DATA BLOCK |

------------------------------------------------------------------------

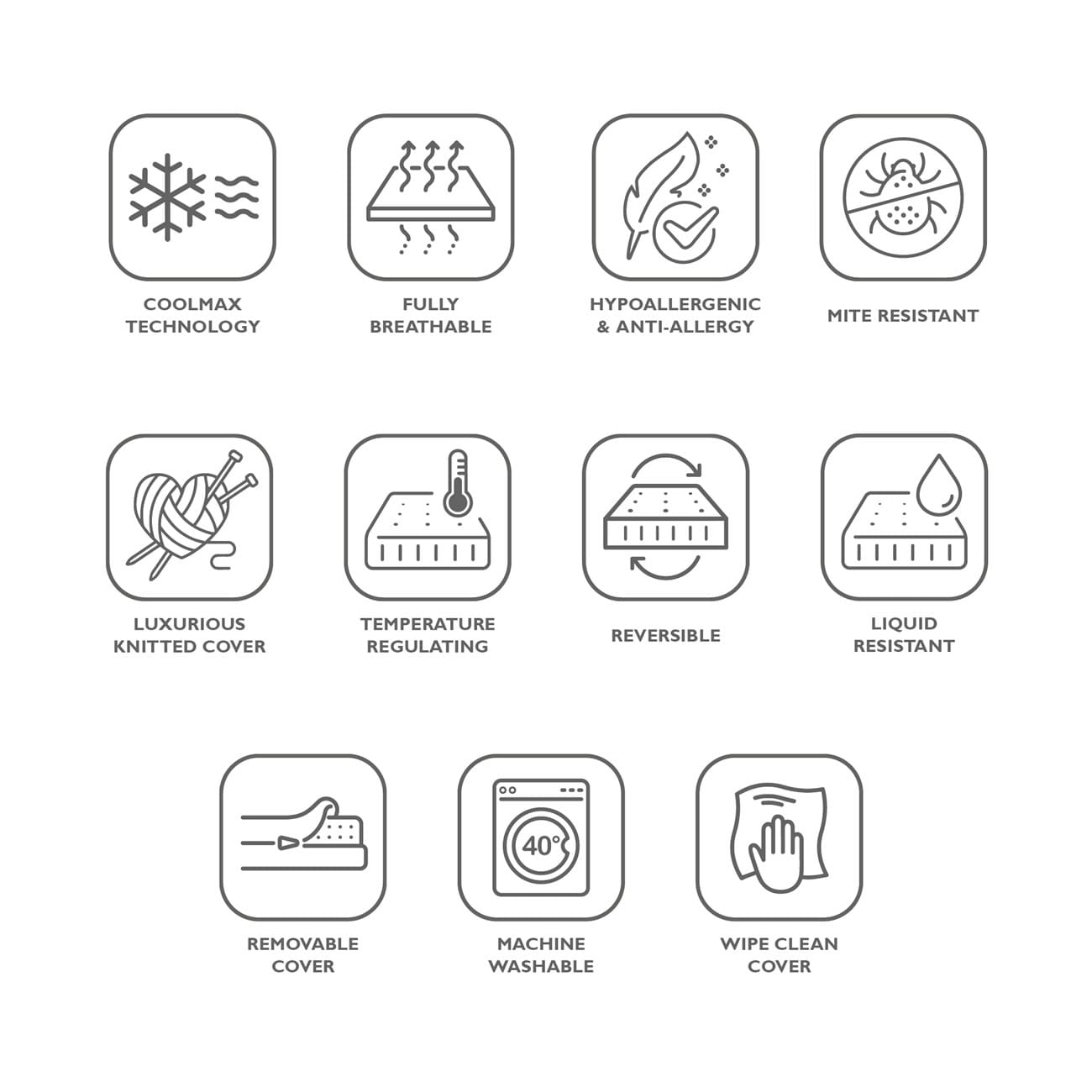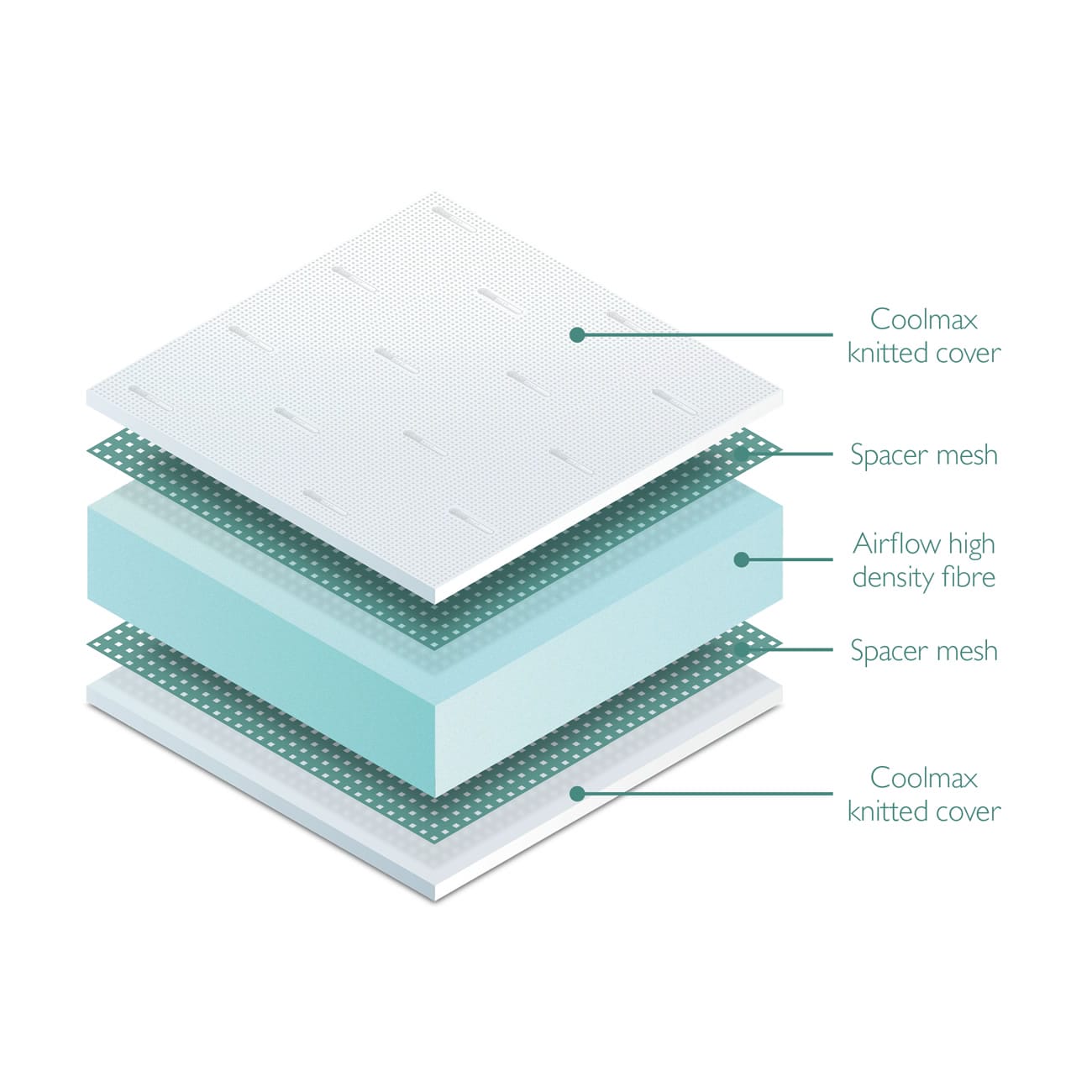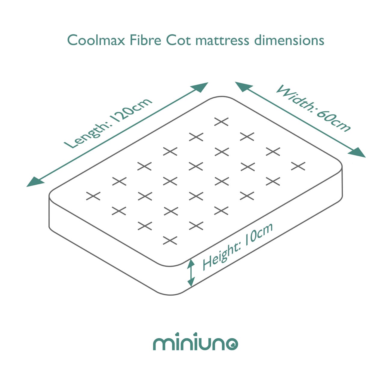 The miniuno Coolmax Fibre Cot mattress (size: 120 x 60cm) has a luxurious knitted cover with spacer mesh and Coolmax technology to absorb, store and release heat to keep your baby at the optimum temperature. The premium quality airflow fibre core supports your baby’s back, neck, and head. The hypoallergenic, anti-allergy and water repellent cover keeps the interior fresh and clean. The mattress is fully breathable, mite resistant and air-permeable, plus the cover can be removed and machine washed up to 40 degrees.
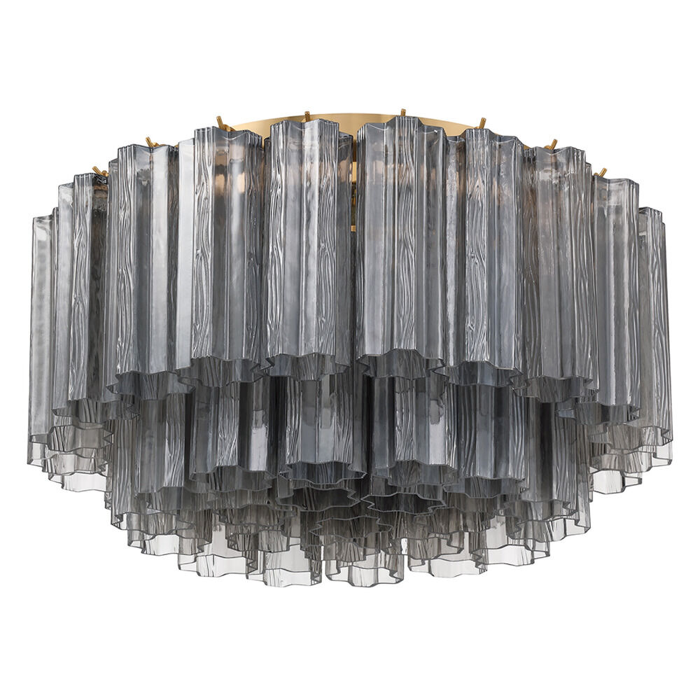 Contemporary / modern aged brass 7-light indoor ceiling light with clear smoke glass shade
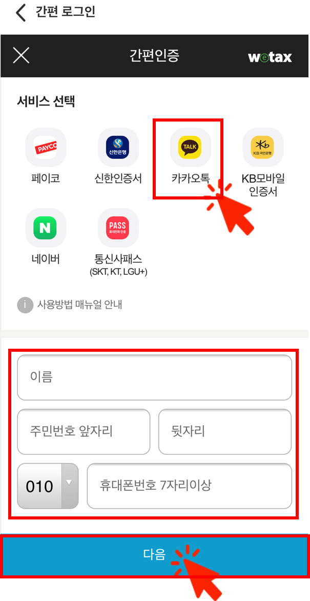 -원하는 간편인증 방법 선택 후 이름, 주민번호, 휴대폰 번호 입력해주세요.
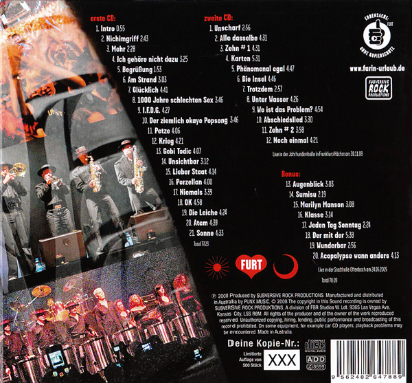 Hierbei handelt es sich um das erste Bootleg, welches einen Mitschnitt vom[nbsp]FARIN URLAUB RACING TEAM[nbsp]beinhaltet. Neben dem kompletten Mitschnitt aus Frankfurt befinden sich 8 'Bonustracks' aus Offenbach (2005).

------------------------------------------------------------------------

PROBLEM DESCRIPTION |
Pictures stay out. Return exactly the lines from the one with "-원하는 간편인증 방법 선택 후 이름, 주민번호, 휴대폰 번호 입력해주세요." through the last line of the data.

WRITTEN RESPONSE |
 -원하는 간편인증 방법 선택 후 이름, 주민번호, 휴대폰 번호 입력해주세요.
 Hierbei handelt es sich um das erste Bootleg, welches einen Mitschnitt vom[nbsp]FARIN URLAUB RACING TEAM[nbsp]beinhaltet. Neben dem kompletten Mitschnitt aus Frankfurt befinden sich 8 'Bonustracks' aus Offenbach (2005).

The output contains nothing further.